• Material to process:
•••••
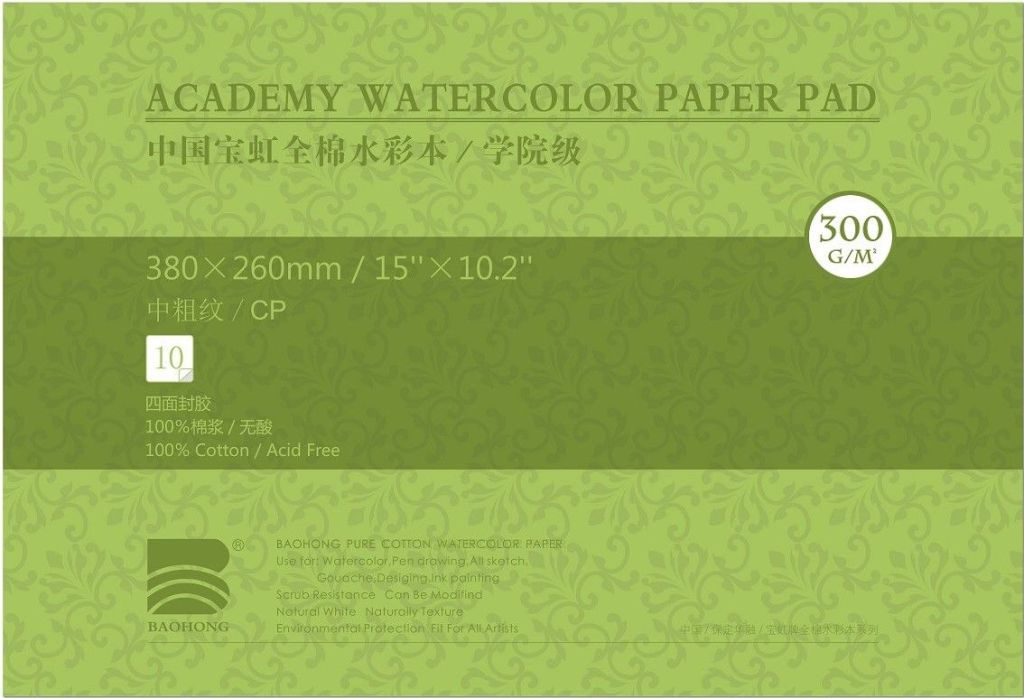 О серии: альбом склейка по 4-м сторонам. Внутри альбома блок из 10 листов среднезернистой бумаги, выполненной из 100% хлопка. Бумага произведена без кислот и отбеливателей, обладает естественным белым цветом и высокой плотностью 300 гр/м, что позволяет работать акварелью с использованием большого количества воды. Альбомы представлены в 6 различных форматах. Применение: для художественных работ акварелью и другими красками на водной основе. О бренде: изготавливается под брендом Baohong на фабрике по производству специализированной и художественной бумаги в Китае. Фабрика была основана в 1992 году и в настоящее время имеет множество запатентованных разработок бумаги различного типа — от эскизной до цифровой художественной бумаги для печати. Профессиональное качество, строгие технологии и широкая адаптивность обеспечивают высокие стандарты специализированной бумаги бренда Baohong для самых различных работ.
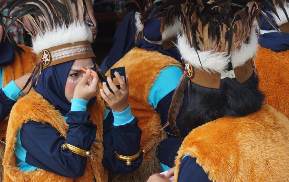 Peserta, melakukan make up jelang Lomba Kreasi Senam Maumere Peringatan Hari Ulang Tahun (HUT) Dharma Wanita Persatuan Ke-20 Tingkat Kabupaten Batang di Pendopo Kabupaten Batang, Kamis (21/11/2019). Lomba diikuti 49 tim anggota Dharma Wanita dengan kriteria lomba meliputi teknik gerak, kreasi, dan kekompakan. MC Batang, Jateng/Roza/Ardhy
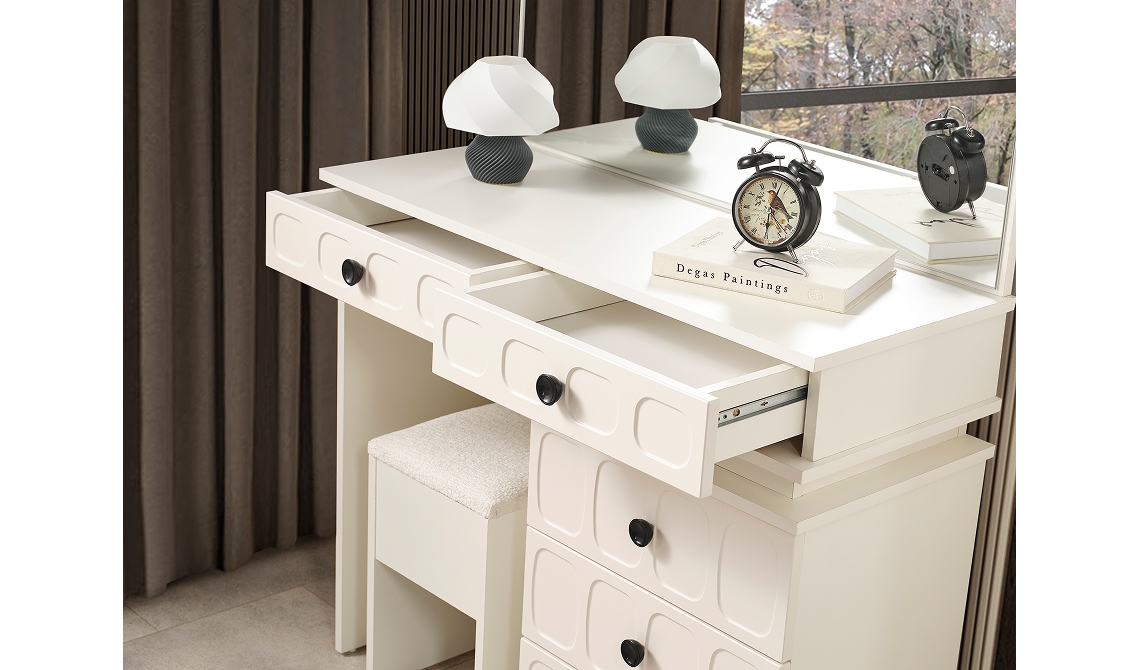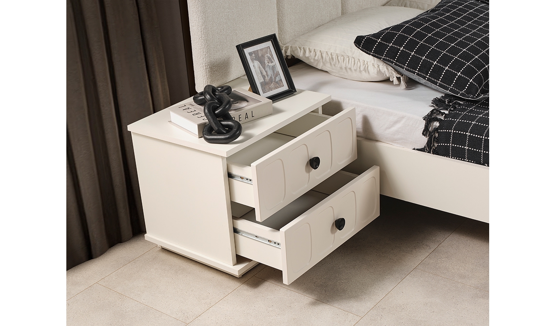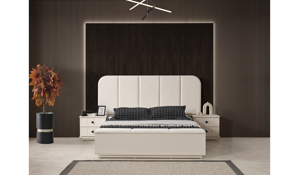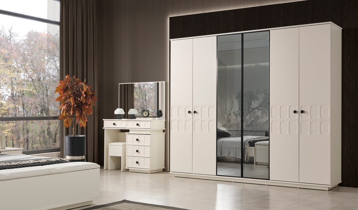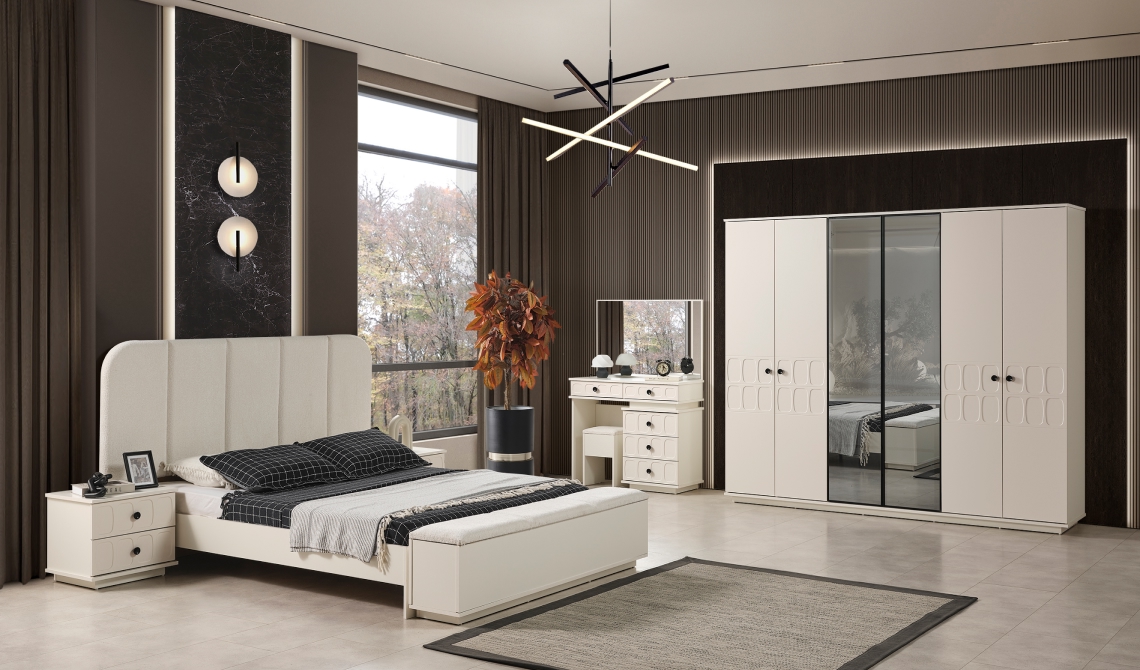 Petek Yatak Odası, modern ve uyumlu tasarımıyla ferah bir yaşam alanı sunar. Fonksiyonel depolama çözümleriyle estetik ve konforu bir arada sağlar.
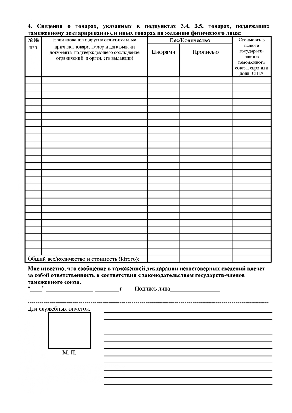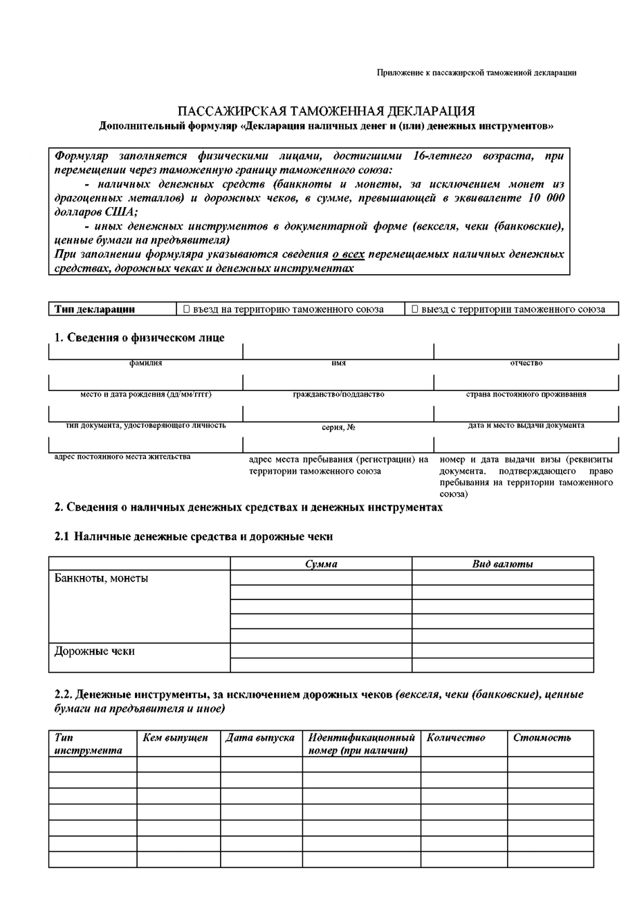Заполненную декларацию нужно предоставить инспектору таможни вместе с пакетом документов:
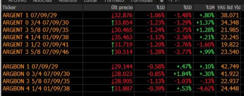 Todos los tramos de la curva argentina operan en negativo el miércoles. Los Globales a 2029 y 2030 retroceden 1,06% y 1,23%, mientras que los bonos del tramo medio bajan 1,24% y 1,1% en los Globales a 2035 y 2038.
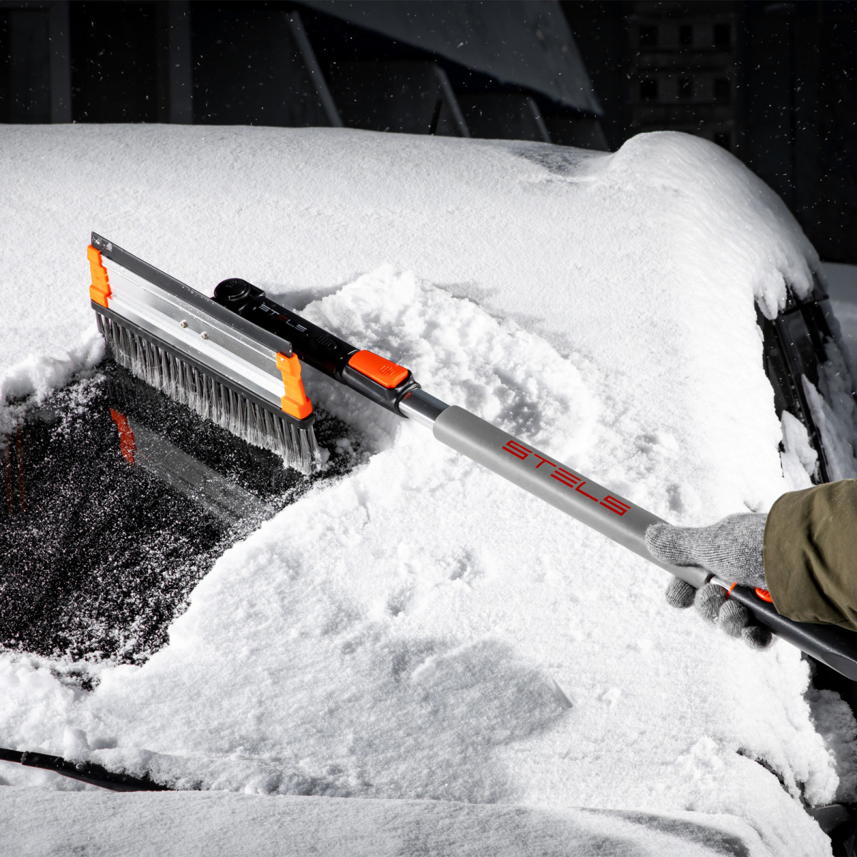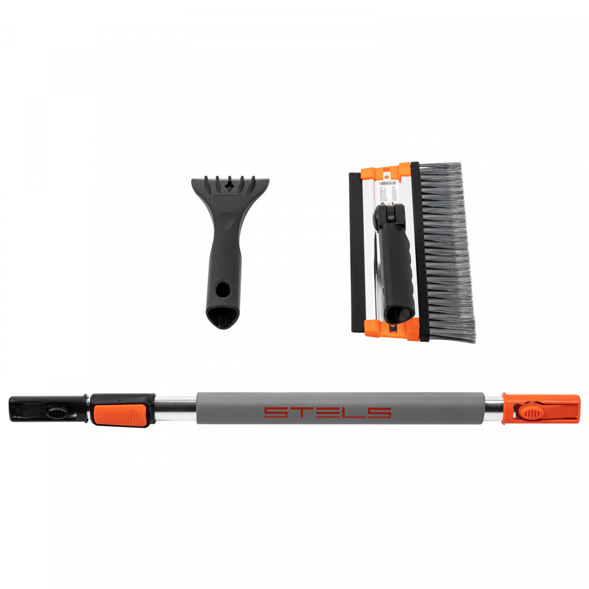 Телескопическая щетка-сметка для снега Stels 55299 со скребком и водосгоном, с поворотной головой, используется для очищения автомобиля от снега, наледи и воды. Благодаря рабочей части длиной 240 мм с плотной распушенной щетиной щетка эффективно и аккуратно удаляет слой снега с кузова, не царапая его. Скребок шириной 250 мм быстро удаляет наледь, а зубья дробят толстую корку льда. Щетка со скребком пригодится владельцам автомашин.
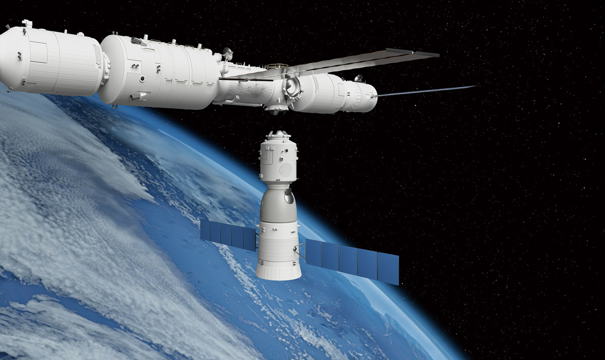 图 2–1–3 是神舟飞船与空间站对接时的示意图。在此过程中,飞船和空间站相对地球运动的速度很大,实现对接有很大的难度。飞船靠近空间站时,相对于空间站是运动的。完成对接后,飞船和空间站同步运动,飞船相对于空间站是静止的。
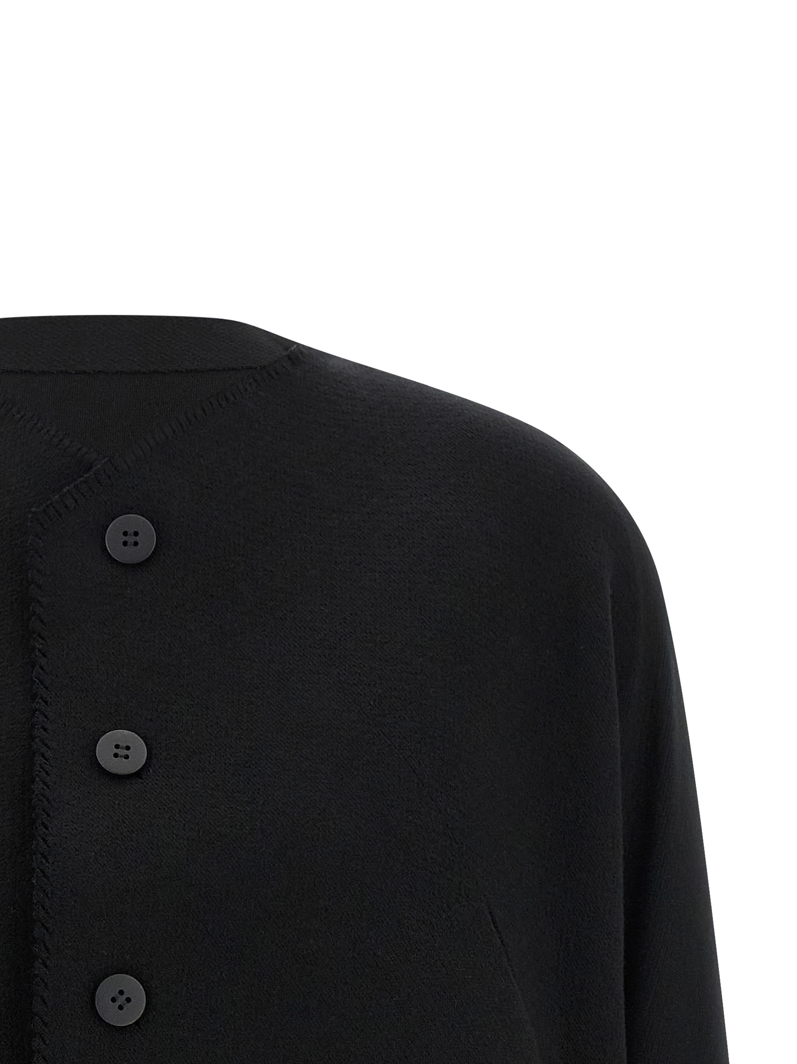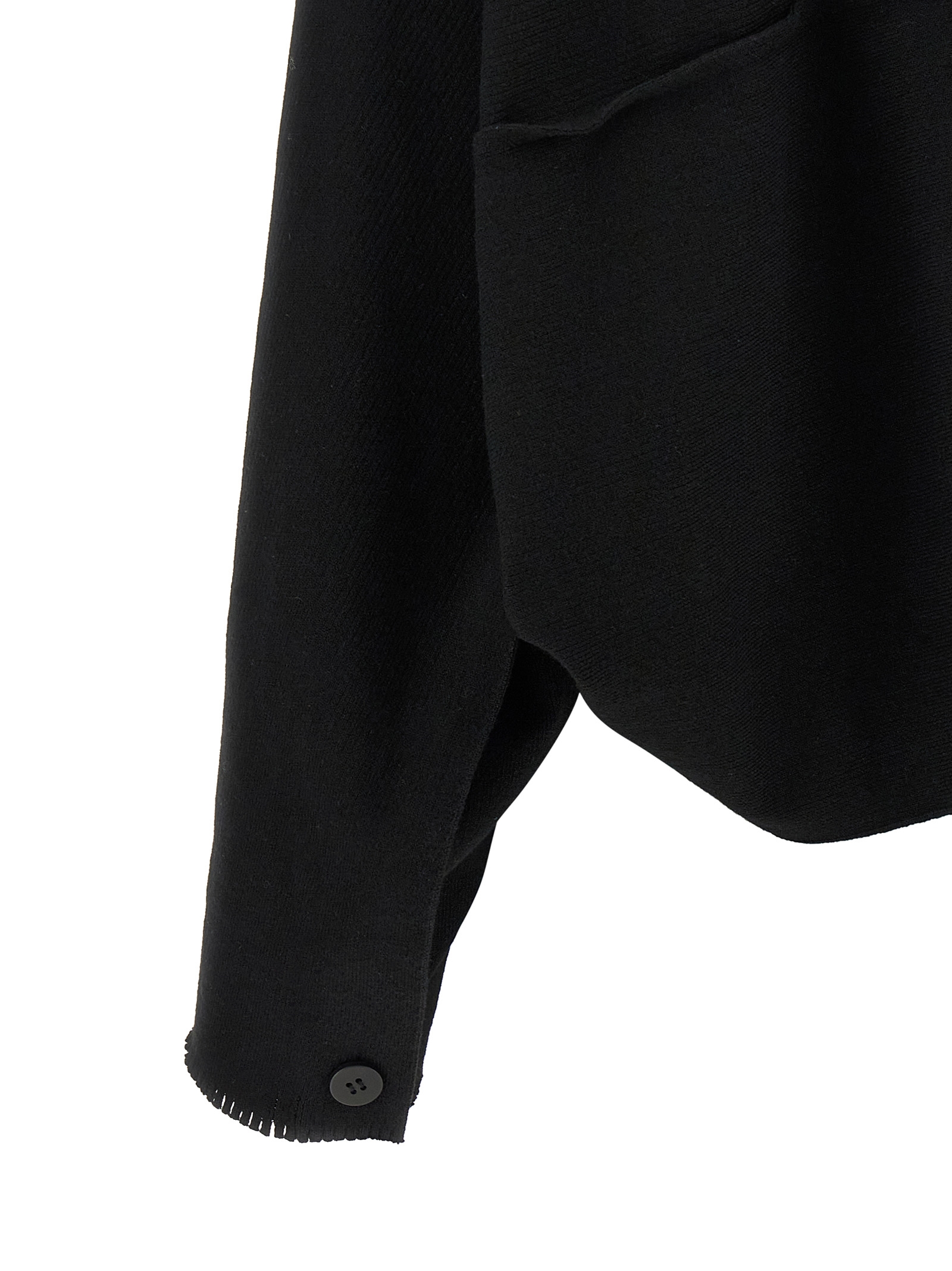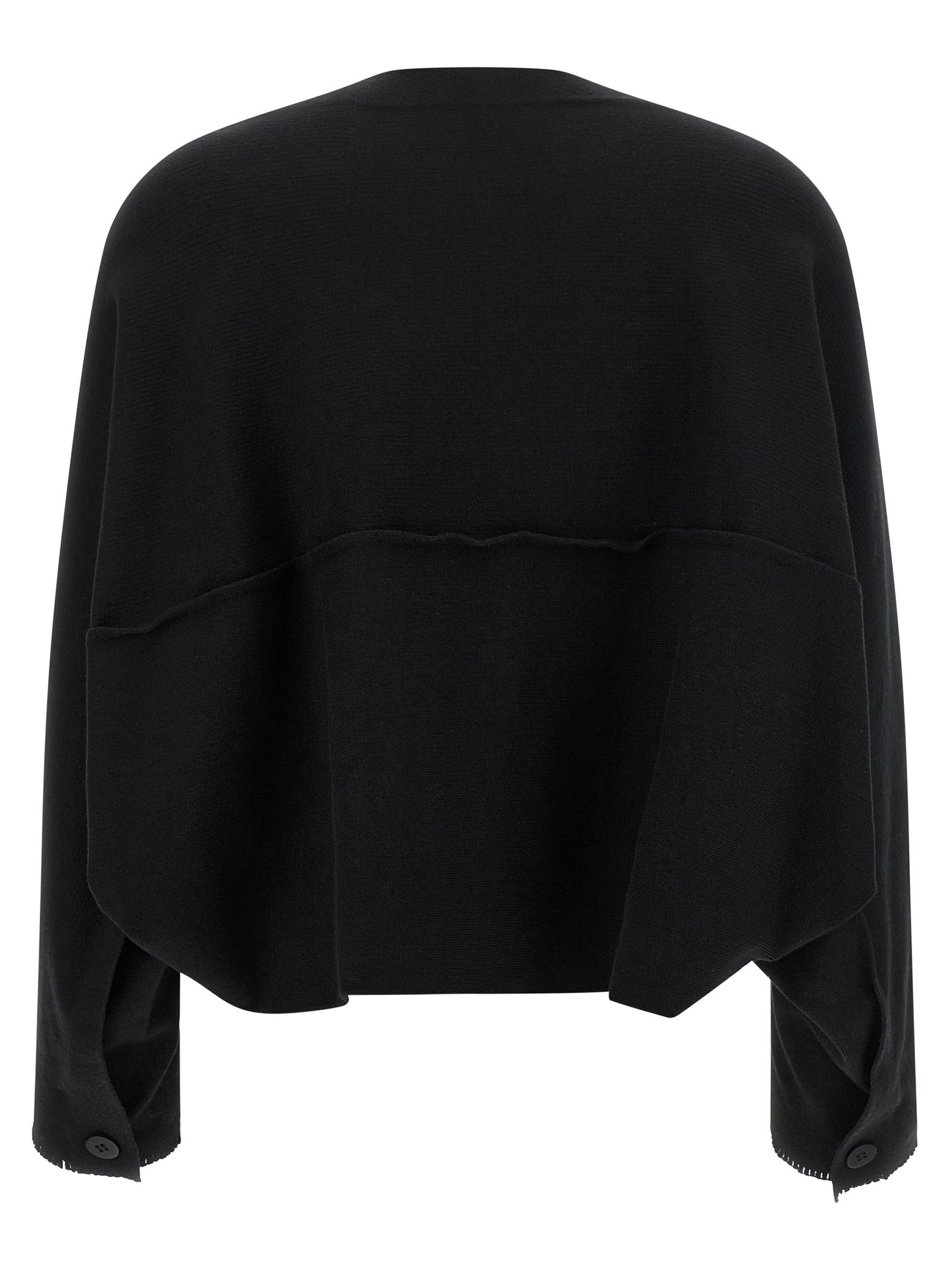 ‘Campagne’ 9-gauge cotton blend A-POC cardigan with trapeze silhouette, V-neck, front button closure, pockets, long bat sleeves, fringes.
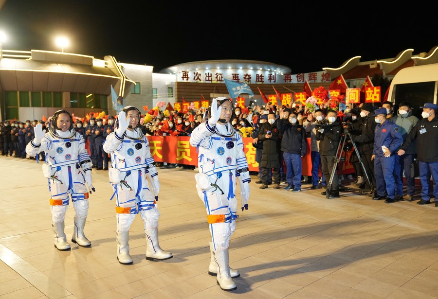 A see-off ceremony for three Chinese taikonauts of the Shenzhou-15 manned space mission is held at the Jiuquan Satellite Launch Center in northwest China, Nov. 29, 2022.(Xinhua/Li Gang)
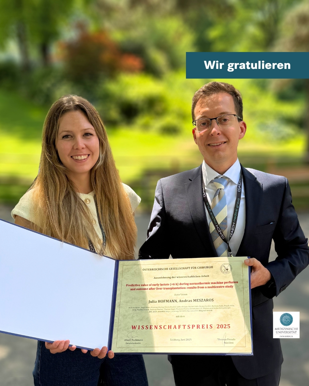 Theresa Hautz wurde der Austrotransplant Biotest Preis 2025 für ihre in eBioMedicine publizierte Arbeit „Transcriptomic signatures during normothermic liver machine perfusion correspond with graft quality and predict the early graft function“ verliehen. In Ihrer prämierten Arbeit ging sie der Frage nach, welche molekularen Vorgänge und Signalwege in einer Spenderleber während der Maschineperfusion aktiviert werden.
•••••
Start with the line that holds "Todos los tramos" and retype each line through the last one in the data, exactly and without pictures.

 Todos los tramos de la curva argentina operan en negativo el miércoles. Los Globales a 2029 y 2030 retroceden 1,06% y 1,23%, mientras que los bonos del tramo medio bajan 1,24% y 1,1% en los Globales a 2035 y 2038.
 Телескопическая щетка-сметка для снега Stels 55299 со скребком и водосгоном, с поворотной головой, используется для очищения автомобиля от снега, наледи и воды. Благодаря рабочей части длиной 240 мм с плотной распушенной щетиной щетка эффективно и аккуратно удаляет слой снега с кузова, не царапая его. Скребок шириной 250 мм быстро удаляет наледь, а зубья дробят толстую корку льда. Щетка со скребком пригодится владельцам автомашин.
 图 2–1–3 是神舟飞船与空间站对接时的示意图。在此过程中,飞船和空间站相对地球运动的速度很大,实现对接有很大的难度。飞船靠近空间站时,相对于空间站是运动的。完成对接后,飞船和空间站同步运动,飞船相对于空间站是静止的。
 ‘Campagne’ 9-gauge cotton blend A-POC cardigan with trapeze silhouette, V-neck, front button closure, pockets, long bat sleeves, fringes.
 A see-off ceremony for three Chinese taikonauts of the Shenzhou-15 manned space mission is held at the Jiuquan Satellite Launch Center in northwest China, Nov. 29, 2022.(Xinhua/Li Gang)
 Theresa Hautz wurde der Austrotransplant Biotest Preis 2025 für ihre in eBioMedicine publizierte Arbeit „Transcriptomic signatures during normothermic liver machine perfusion correspond with graft quality and predict the early graft function“ verliehen. In Ihrer prämierten Arbeit ging sie der Frage nach, welche molekularen Vorgänge und Signalwege in einer Spenderleber während der Maschineperfusion aktiviert werden.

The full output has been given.